Piloter la transition énergétique par les démarches stratégiques : usine à gaz ou atout pour l’action publique?

publié le 5 janvier 2016 (modifié le 7 janvier 2016)

Qu’on s’en réjouisse ou non, le temps est désormais révolu où la stratégie énergétique de la France était définie par un nombre restreint de participants, regroupés au sein des services centraux de l’Etat et surtout au sein de grands organismes publics comme le CEA, EDF et GDF. En quelques décennies, plusieurs évolutions ont élargi le nombre des acteurs parties prenantes des processus de décision. La libéralisation des marchés de l’énergie a replacé les tutelles de l’État dans le jeu stratégique, en les obligeant à affirmer leur point de vue dans la définition des grandes orientations nationales. Ce repositionnement s’est traduit par une multiplication des textes législatifs et réglementaires souvent préparés par de grandes démarches participatives nationales.

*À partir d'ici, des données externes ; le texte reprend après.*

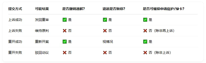 非法移民持有递解令(Order of Removal)后,若递交上诉(Appeal)或动议重开(Motion to Reopen),其结果主要有以下几种可能,每种结果会对你的身份、遣返风险和未来在美生活产生不同影响:
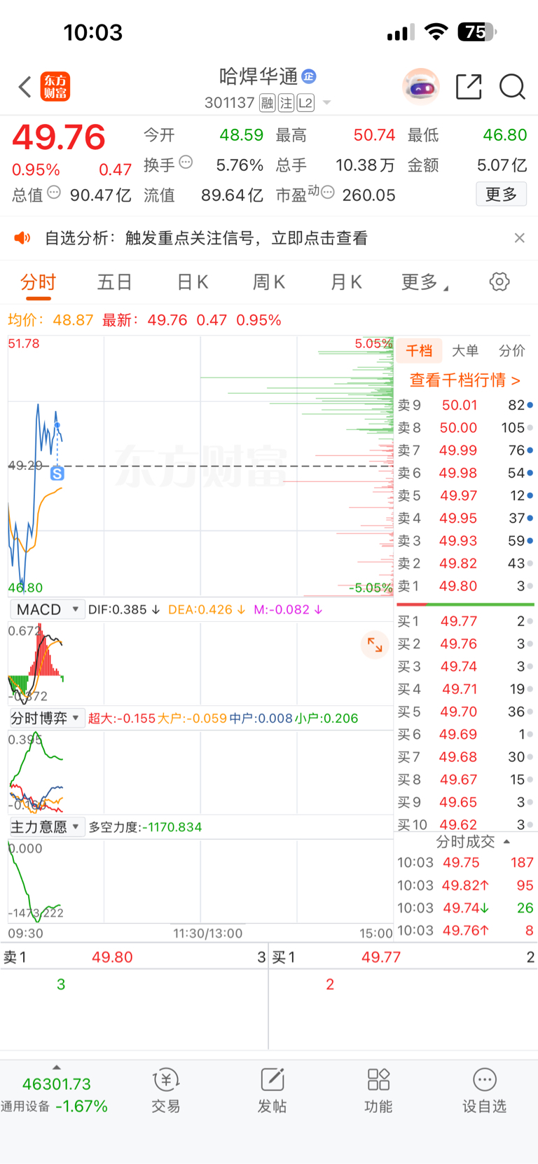 $哈焊华通(SZ301137)$ 昨天卖了九只羊,本想尾盘再接回来,最后还是买了你哈皮,早盘那么砸知道我有多绝望吗?九只羊十几个点,万幸的是今天市场这么差的情况下你还能拉红让我出掉,九只羊是我这个月最大的痛
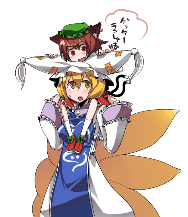 2girlsanimal earsanimal hatblonde hairbrown haircarryingcat earscat girlcat tailearringsfangfemale focusfox tailhatjewelrylong sleevesmob capmultiple girlsmultiple tailsno noseparodypiggybackshort hairshoulder carrysimple backgroundtailtasselwhite backgroundwide sleevesyellow eyes
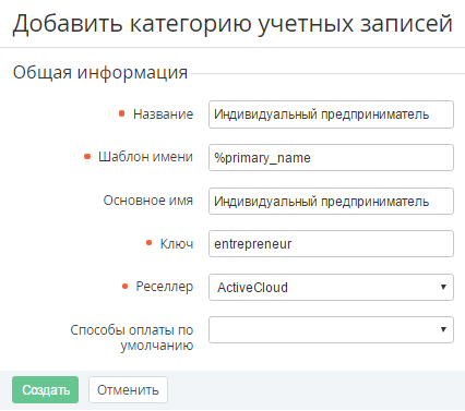 - На странице Добавить категорию учетных записей заполнить следующие поля:
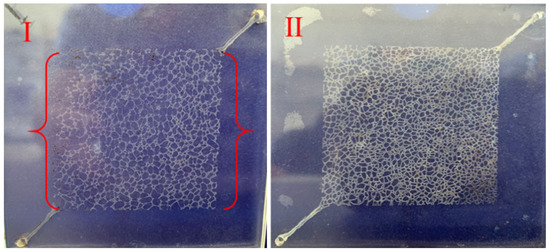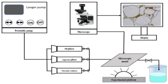 - The experimental equipment was connected according to Figure 2. The microscopic glass pore model was vacuumed first, and formation water was injected to make it full of the model; 0.729~1.215 mL formation water was injected into the models. The injection rate was 0.1 mL/min.
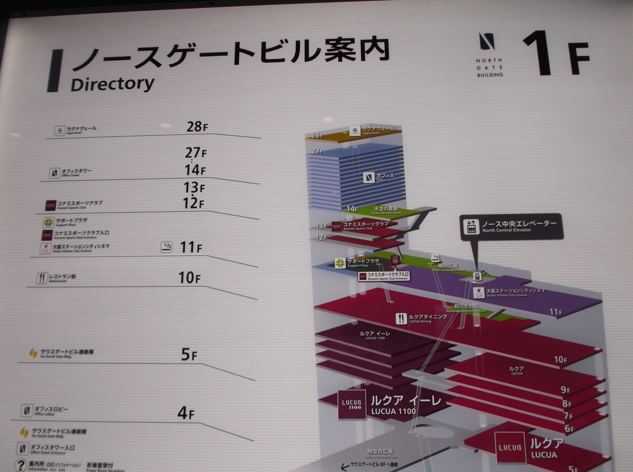 JR大阪駅から直結のショッピングビルです。 ルクア1100等と合わせて、「ノースゲイトビルディング」と言います。
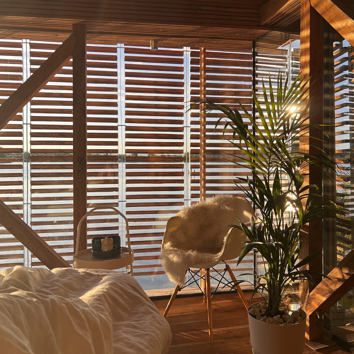 Zažite romantický východ slnka nad jazerom, alebo nerušene pozorujte vodné vtáctvo z bezprostrednej blízkosti a ak chcete z pohodlia postele:) Ateliér na jazere je pôvodne ateliér architekta - autora objektu. Pracovnú funkciu ateliéru teraz vystriedala funkcia rekreačná a poskytuje možnosť ochutnať výnimočnú architektúru v malom objeme, osadenej tesne nad hladinou jazera aj vám. S oblou zadnou stenou Ateliéru a v mäkkých perinách sa budete cítiť ako v útulnom peliešku:)
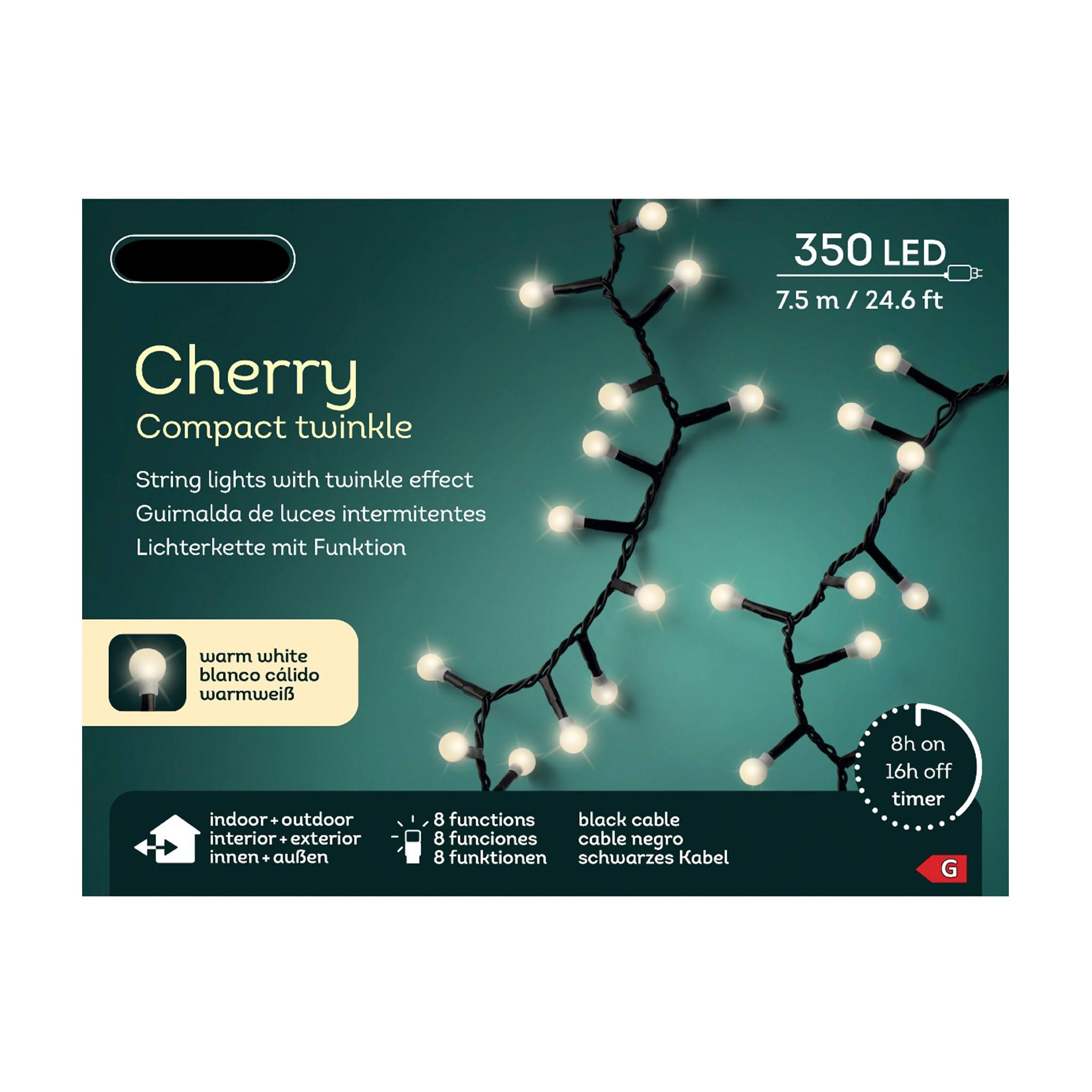 Svetelná reťaz CHERRY 7,5 m – 8 funkcií – 350 LED warm white – čierny kábel
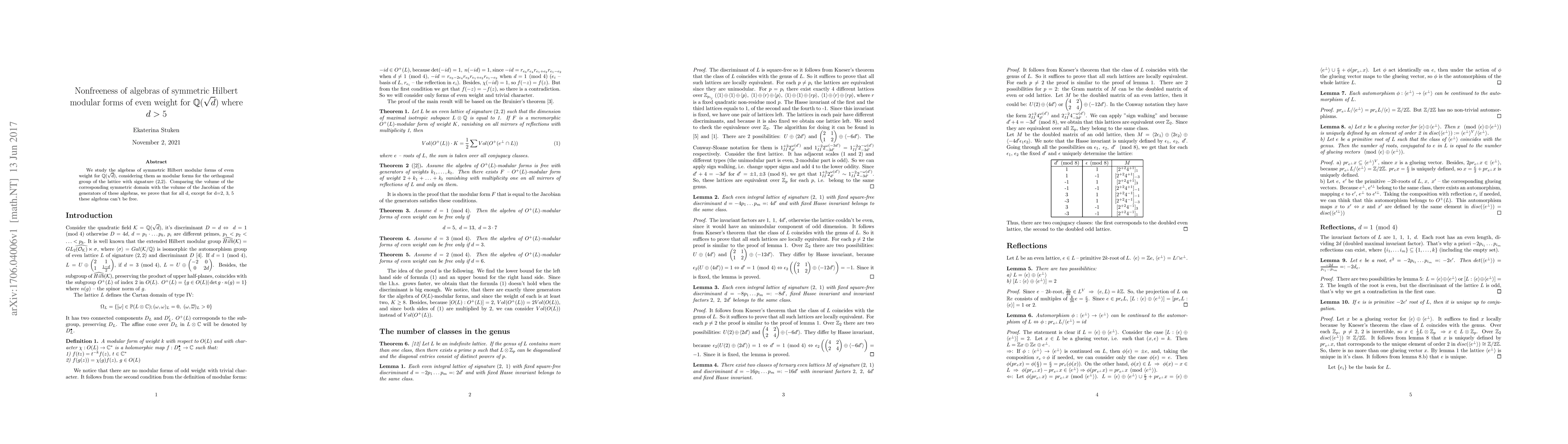 Researchers prove that algebras of symmetric Hilbert modular forms for even weight lattices with d > 5 cannot be free, except for specific exceptions d = 2, 3, 5.
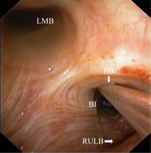 In group C, the left main bronchus diameter was measured by preoperative chest computed tomography. The 35F left DLT was selected when the diameter ≤11 mm, the 37F DLT, was used for 11–12 mm, and the 39F DLT was used for >12 mm. After intubation, pediatric fiberoptic bronchoscopy (FOB) was applied for appropriate position confirmation. In group M, the ID 8-mm tracheal tube was selected for male patients, and the ID 7.5-mm tracheal tube was selected for female patients. After intubation, FOB was applied to measure the tracheal tube’s depth to ensure that the tip of the tube was placed 3–4 cm away from the main carina. The BB’s cuff was placed in the bronchus intermedius with the guidance of FOB (Figure 1). The cuff position was reconfirmed by auscultation in both groups. All procedures were performed by an attending anesthesiologist who had experience in 10 cases for each method. Also, we recorded the time between the start of the tracheal intubation to the end of lung isolation confirmation.
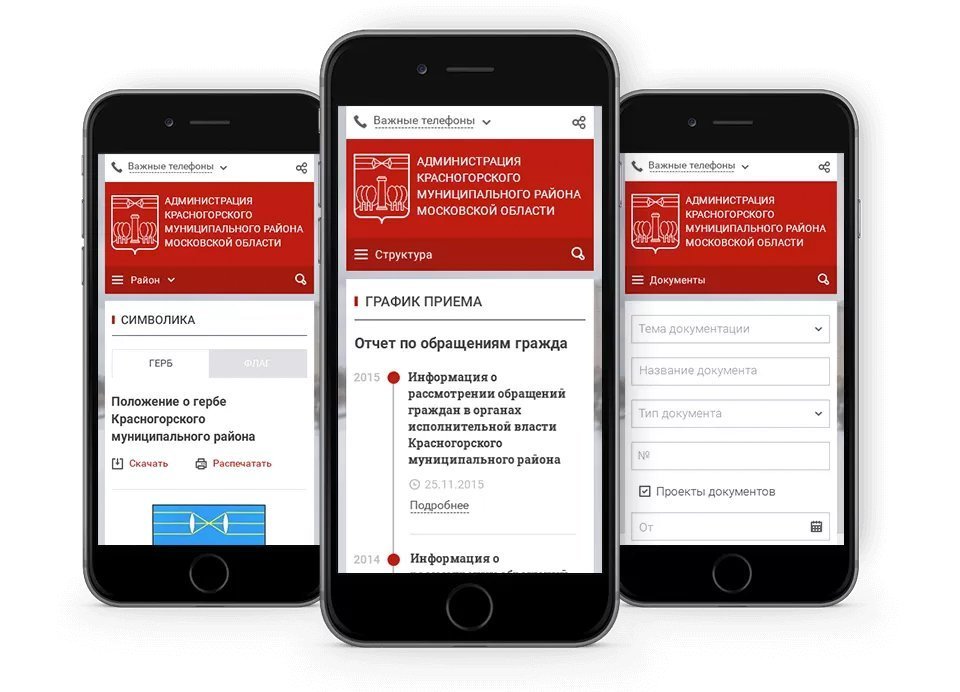 В сжатые сроки разработать и запустить новый сайт Администрации Красногорского района в соответствии с требованиями ФЗ к сайтам органов власти. Обеспечить удобный поиск любой информации на всех видах устройств.
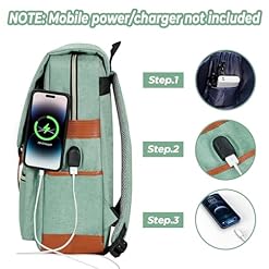 Ronyes Vintage Laptop Backpack for Women Men,15.6 inch Bookbag Casual Daypack with USB Charging Port for College Work, Green Backpacks
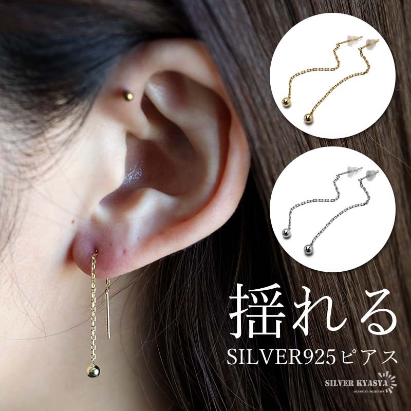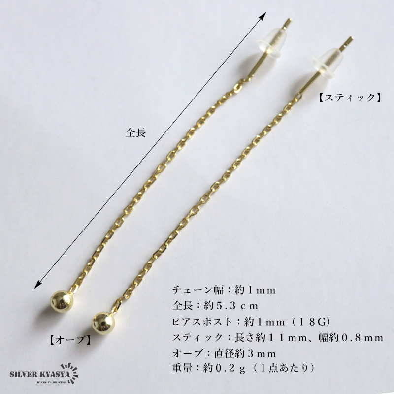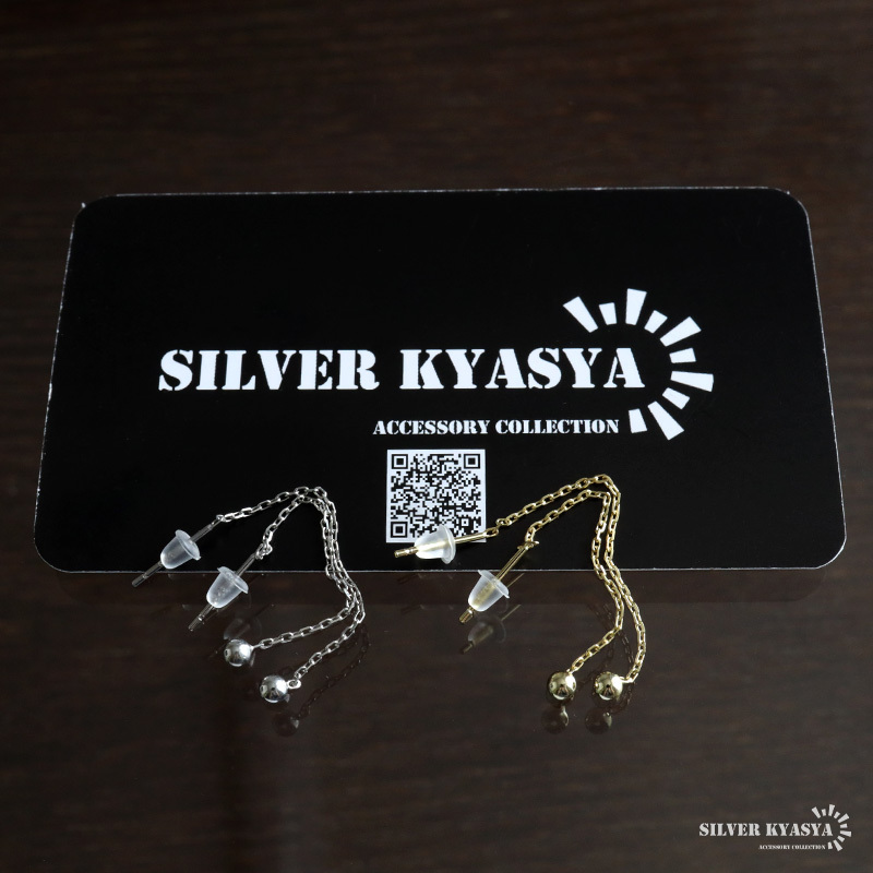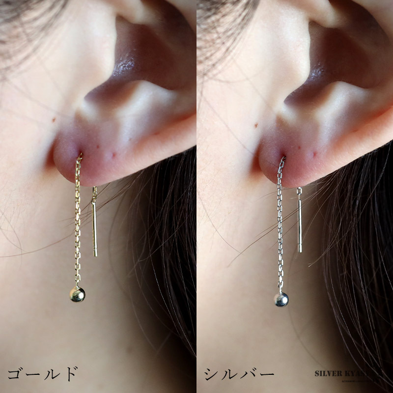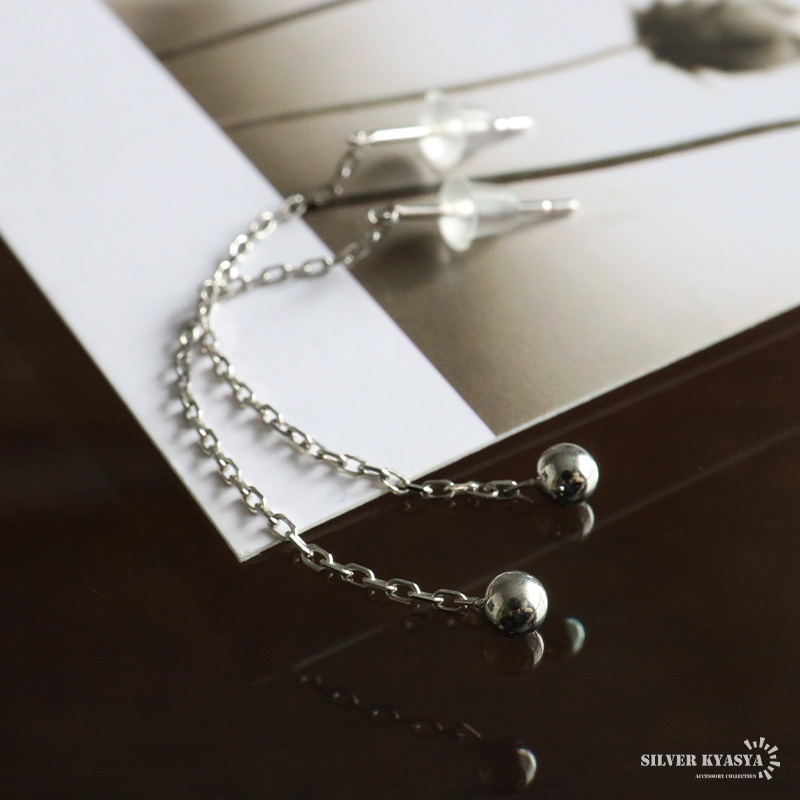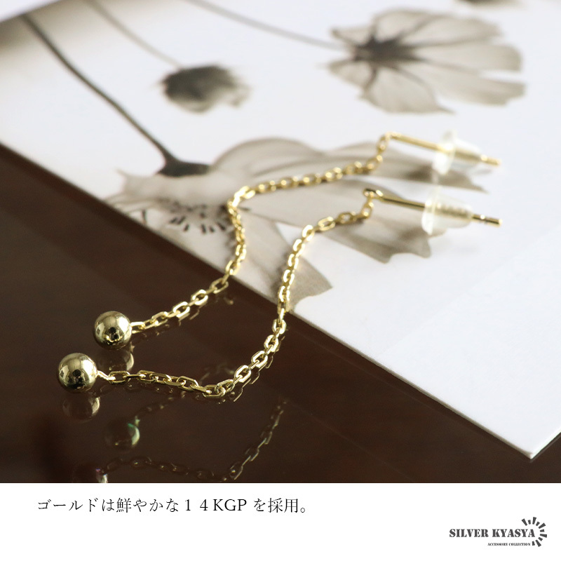先端にボールが付いた極細のチェーンピアス。揺れ動くチェーンが存在感を演出してくれます。シンプルな装いにもピッタリ◎お好みで前と後ろのチェーンの長さを変えるのも◎
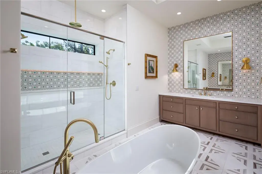 One is seldom afforded the opportunity of possessing such an exquisite private sanctuary, where Mediterranean artistry and modern opulence intertwine. Concealed behind stately gates and set amidst 1.35 acres of immaculately curated landscape within Naples’ most exclusive enclave, this distinguished estate stands as a testament to enduring elegance, grandeur and architectural distinction. The journey begins as bespoke Mahogany arched doors open to a sunlit courtyard retreat where a resort-caliber pool glistens in the southern light. Soothing fountains, twin sun terraces, and an ethereal floating spa invite serene mornings and exuberant gatherings alike, all punctuated by the drama of a double-sided gas fireplace at its heart. The fully appointed outdoor culinary suite features a 36” Alfresco grill and professional flat-top making every meal an event, elevating entertaining to an art form. Step inside to discover over 6,700 square feet of finely appointed interiors (over 11,400 total), designed for effortless enjoyment and refined entertaining. Five lavish bedroom suites promise restful privacy, while a dedicated office and separate guest quarters with a game lounge ensure comfort for both work and play. Car collectors will envy the 6-car garage which was engineered to accommodate ten vehicles with pre-wiring for dual charging stations and lifts. Every detail speaks of uncompromising quality: three signature fireplaces, an enviable wet bar and wine cellar, full Thermador chef’s suite, intelligent Elan system, whole-home reverse osmosis, PGT impact-rated windows, and comprehensive prewired tech for total security and simplicity. Thoughtful utility touches—a 1,000-gallon propane tank, two gas tankless water heaters, five state-of-the-art HVAC systems—are seamlessly integrated for understated efficiency. This is more than a home; it is a resort-inspired haven, where every moment unfolds in luxury, privacy, and enduring style—designed for those who demand the extraordinary from Naples’ premier lifestyle.

Les analyses proposées par François-Mathieu Poupeau, chercheur CNRS au LATTS (Université Paris-Est) et maître de conférence à l’École nationale des Ponts et Chaussées, ont été présentées publiquement dans le cadre du séminaire organisé conjointement par le Puca et le Cerema sur la « Gouvernance locale de la transition énergétique » lors de la séance du 10 septembre 2015 organisée dans les locaux de l’Agence Parisienne du Climat et consacrée au triptyque « outils, acteurs et enjeux ».
Lancé en 2014 en partenariat avec d’autres organismes (l’Ademe, le Cerema, le LATTS, ETD et la CDC Climat, devenue I4CE), ce cycle de cinq séminaires avait pour objet de créer un espace de discussion et d’échange permettant de mieux appréhender les enjeux socio-spatiaux, techniques, économiques, environnementaux, des politiques écoénergétiques locales et territoriales, politiques visant la réduction de la consommation d’énergies fossiles et des émissions de gaz à effets de serre par la diminution des consommations urbaines d’énergie et/ou la promotion d’énergies renouvelables.
Une approche résolument territoriale donc, associant chercheurs, membres des administrations, acteurs locaux (élus, services techniques), associations, professionnels, etc., et s’intéressant à la fois aux systèmes d’acteurs, aux modalités de l’action, aux instruments et à leurs systèmes de contraintes, pour interroger in fine les effets des politiques menée.

En savoir plus sur le Cycle de séminaires : Quelles gouvernances locales de la transition énergétique ?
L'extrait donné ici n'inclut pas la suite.